Fields in Logs

A log line contains different attributes attached to it. These attributes helps you to filter your logs so that you can write effiecient queries and get your results faster. These attributes are reffered to as fields in SigNoz.

There are two kind of fields interesting and selected .

Interesting Log Fields

These kind of fields are the resource and log attributes which are parsed by the otel collector but is not indexed. These fields are also not auto suggested by the query builder. But you can still use these fields for querying by writing the query manually.

Selected Log Fields

These are created by converting an interesting field. When a interesting field is converted to selected field, an index is added to the field so that queries for this fields are faster. In addition to that when you write a query this fields will be autosuggested. Selected fields are also displyed explicitly with each log line.

Configuring the SigNoz Collector

If you take a look in the SigNoz repository, you’ll find the configuration for the collector in /deploy/docker/clickhouse-setup/otel-collector-config.yaml You can edit this file to filter what logs are being stored after being received by the collector.

After editing this file, you’ll need to restart the collector. If using Docker, the command would be docker restart signoz-otel-collector

Adding Atttributes

To add attributes to all lines logged by this collector, add a section to the processors to add an attribute. This example is a bit contrived, but let’s say that this collector is only gathering data for a single client organization:

      - key: client_id
        value: 1123
        action: insert

Adding this mapping, however, isn’t enough to add the attribute, we haven’t yet added this processor to our pipeline, check the pipelines mapping for logs:

      receivers: [otlp, tcplog/docker]
      processors: [logstransform/internal, batch]
      exporters: [clickhouselogsexporter]'

To actually affect our data, we must add it to the pipeline. The revised version looks like this:

      receivers: [otlp, tcplog/docker]
      processors: [attributes/clientid, logstransform/internal, batch]
      exporters: [clickhouselogsexporter]

Creating Log Fields

By default whenever you receive a log from a non OTLP receivers it will be stored directly in the body and you won't be able to filter logs based on fields/attributes. Opentelemetry provides different ways to parse attributes from your logs using different operators that the available. These parsed attributes are referred to as fields in signoz.

Ex :- Lets say we have our logs formatted as

{"time": "2022-09-20,15:27:17 +0530", "message": "Logging test...", "service": "python"}

Here we have a timestamp, a message and an attribute named service. Now we will have to parse these in our otel collector config.

    include: [ /tmp/app.log ]
    start_at: beginning
        - type: json_parser
            parse_from: attributes.time
            layout: '%Y-%m-%d,%H:%M:%S %z'
        - type: move
        from: attributes.message
        to: body
        - type: remove
        field: attributes.time
  • In the yaml file above we are using the json parser. This will parse the json log line and add it in the attributes key.
  • Since we want to populate timestamp we are using the timestamp parser and pointing it to attributes.time which was parsed by the json parser.
  • Now we want the value inside message key to be in the log body, so we are moving it to body using move operator.
  • And finally we are removing time from attributes as we have already populated the value of timestamp from it.

Transforming Attributes

Logs data can be transformed arbitrarily using the OpenTelemetry Transformation Language (OTTL). It’s not necessary or practical to learn all the ins and outs of this language, but let’s start with a simple bit of processing that adds some useful attributes.

Within the processors section. we’ll add a transform

    - context: log
        - set(severity_text, "FAIL") where body == "request failed"

When faced with excessively high cardinality data, it may be useful to 'crush' attribute values by replacing with generics. Here’s an example where some metric crushing will make our lives easier later

  replace_match(attributes[""], "/user/*/list/*", "/user/{userId}/list/{listId}")

Removing Sensitive Data from Logs

The collector is one more place where you can control potentially sensitive data from being collected or transmitted.
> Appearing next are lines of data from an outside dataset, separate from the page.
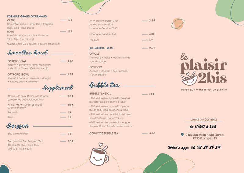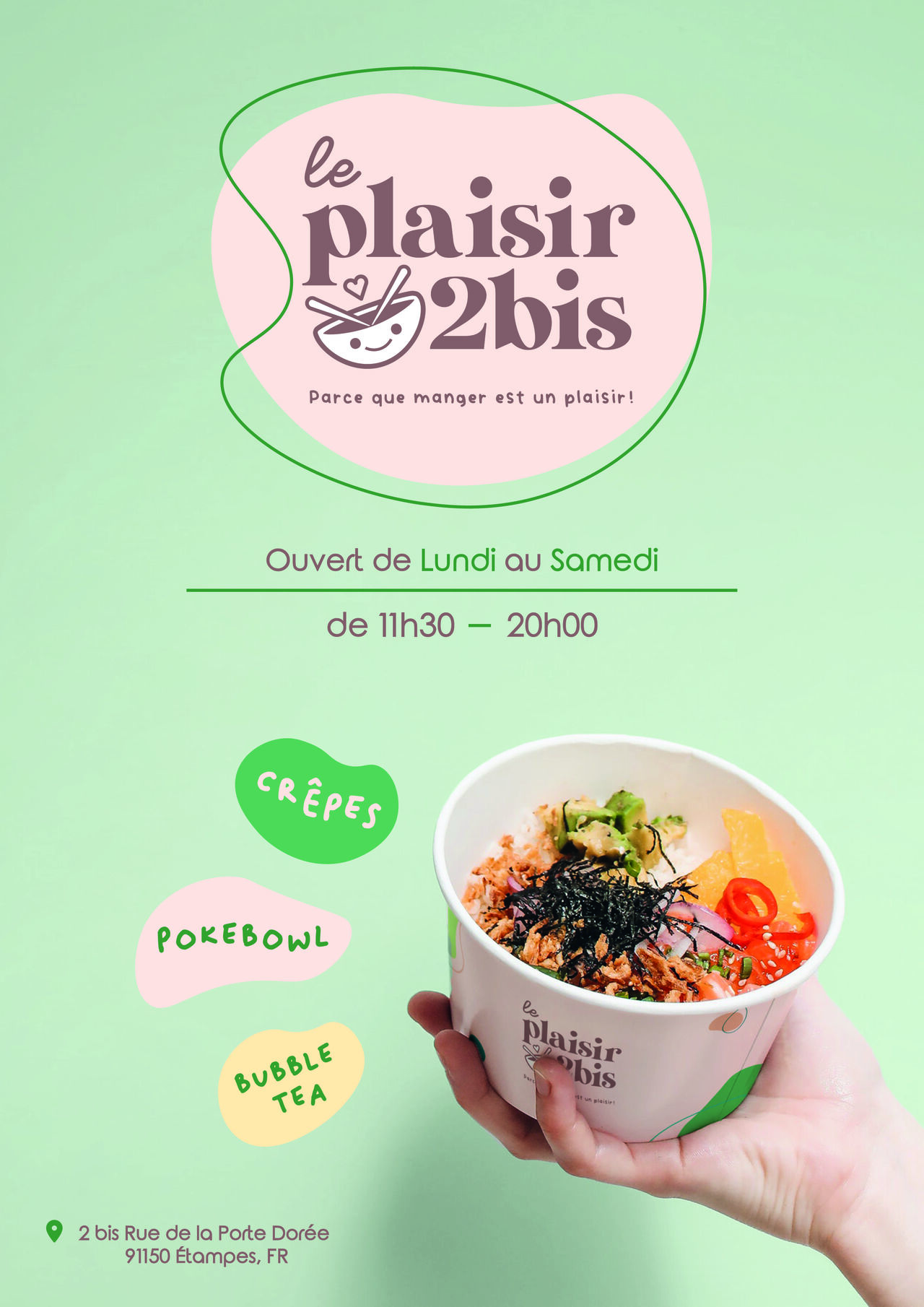 Vous pouvez vous faire plaisir avec soit une salade Poké bowl ou pour les plus gourmands de savoureuses crêpes salées ou sucrées, le tout accompagné de jus naturels 100 % fruits pressés sur place. « Le Poké bowl est composé d’une base de riz et d’une protéine (bœuf ou saumon), de 5 ingrédients parmi des légumes et des fruits et d’un topping : oignons croustillants ou graines de sésame le tout assaisonné d’une sauce balsamique ou à l’huile de sésame. Nous proposons de faire découvrir aux Étampois des produits typiques de la cuisine malgache : le bonbon anglais, une limonade importée de Madagascar et un plat de feuilles de manioc à agrémenter de viande de porc, ou de poisson à la maison.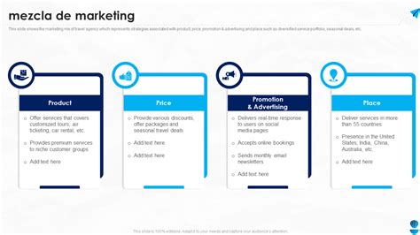 | Promoción | Publicidad, relaciones públicas, marketing digital, ventas personales | Anuncios en redes sociales, comunicados de prensa, email marketing, equipo de ventas capacitado |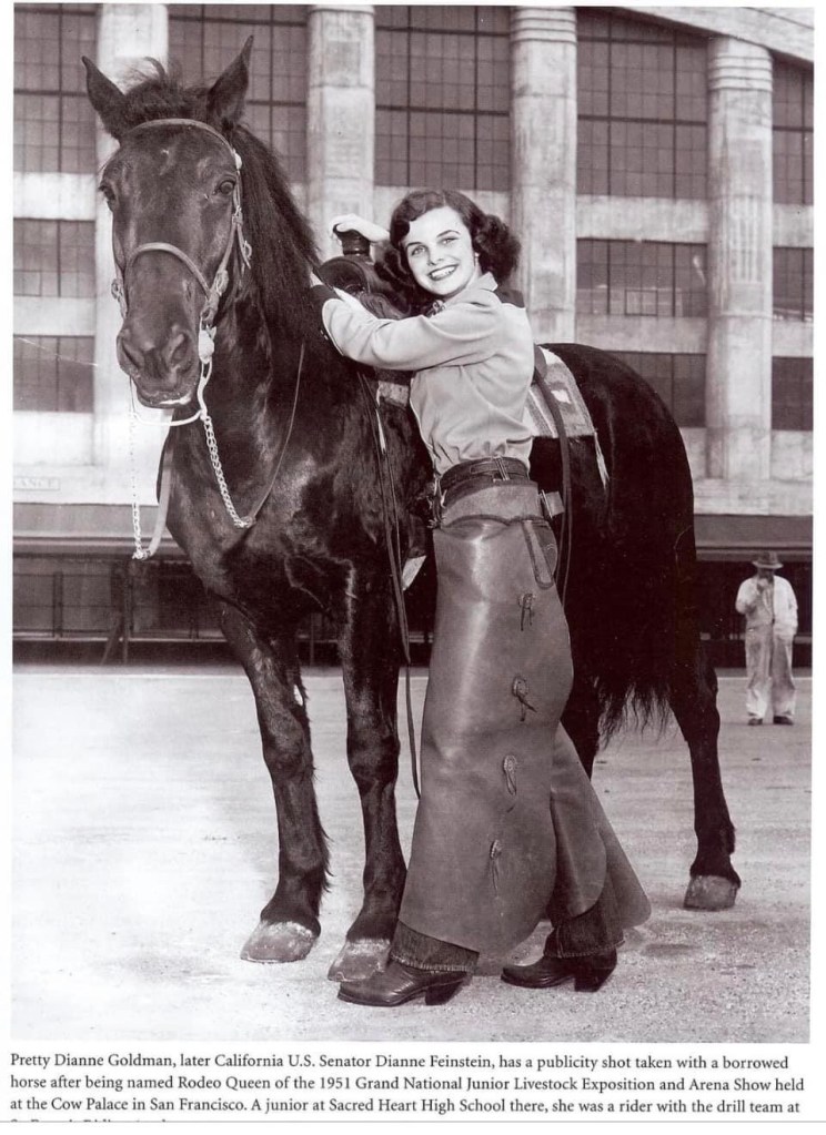 As long as we’re on the subject of DiFi…. here’s a photo a high school friend posted today. Winter is a horse person (among other things!) and was a sorority sister of Dianne’s daughter when they were both at Cal. I really love this picture. She was a junior at Sacred Heart High School in SF and a member of its horse drill team.

You can remove attributes with simple regex-style matching, like in this example where all values should be removed:

    - context: log
        - set(severity_text, "FAIL") where body == "request failed"
        - replace_match(attributes["social_security_number"], "*", "{userSocial}")

Or you can use pattern matching to find any strings that look similar:

    - context: log
        - set(severity_text, "FAIL") where body == "request failed"
        - replace_all_patterns(attributes, "value", "^\\D*\\d{3}-\\d{2}-\\d{4}", "{ss_number}")

Remember that in these examples you'll need to add transform to the pipeline section of your config and restart the collector for these changes to take effect. The result is a value replaced with a placeholder

a detail view of a log with the attribute for a social security number replaced with a placeholder
Either of the above configurations results in this much safer placeholder.